## [WORK ORDER]
In the entries below, begin at the line that has "A beautiful dark", stop after the line that has "A Decoração de", and output those lines exactly with no pictures.

## [AVAILABLE DATA]
• • • • • • •
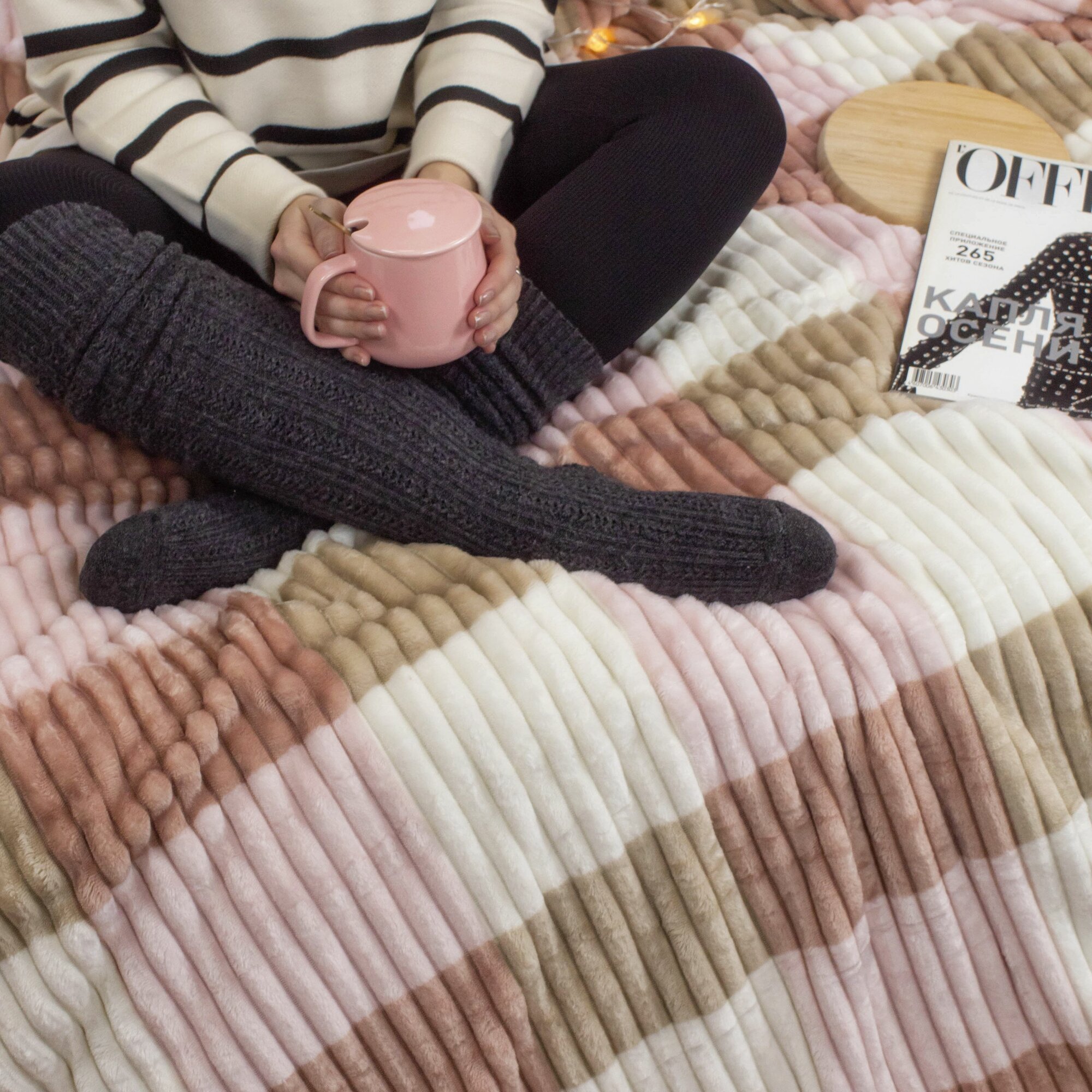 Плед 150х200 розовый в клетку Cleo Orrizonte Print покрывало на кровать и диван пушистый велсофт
• • • • • • •
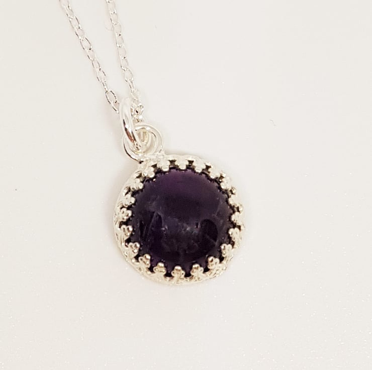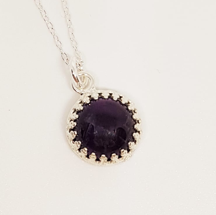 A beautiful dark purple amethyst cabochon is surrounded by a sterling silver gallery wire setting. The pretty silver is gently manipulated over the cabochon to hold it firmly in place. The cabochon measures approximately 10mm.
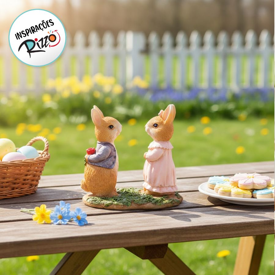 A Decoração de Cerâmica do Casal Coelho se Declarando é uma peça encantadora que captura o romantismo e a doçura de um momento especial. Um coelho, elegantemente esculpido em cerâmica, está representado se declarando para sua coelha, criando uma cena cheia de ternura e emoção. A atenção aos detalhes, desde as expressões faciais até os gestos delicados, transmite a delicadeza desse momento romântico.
• • • • • • •
## [RESPONSE AREA]
 A beautiful dark purple amethyst cabochon is surrounded by a sterling silver gallery wire setting. The pretty silver is gently manipulated over the cabochon to hold it firmly in place. The cabochon measures approximately 10mm.
 A Decoração de Cerâmica do Casal Coelho se Declarando é uma peça encantadora que captura o romantismo e a doçura de um momento especial. Um coelho, elegantemente esculpido em cerâmica, está representado se declarando para sua coelha, criando uma cena cheia de ternura e emoção. A atenção aos detalhes, desde as expressões faciais até os gestos delicados, transmite a delicadeza desse momento romântico.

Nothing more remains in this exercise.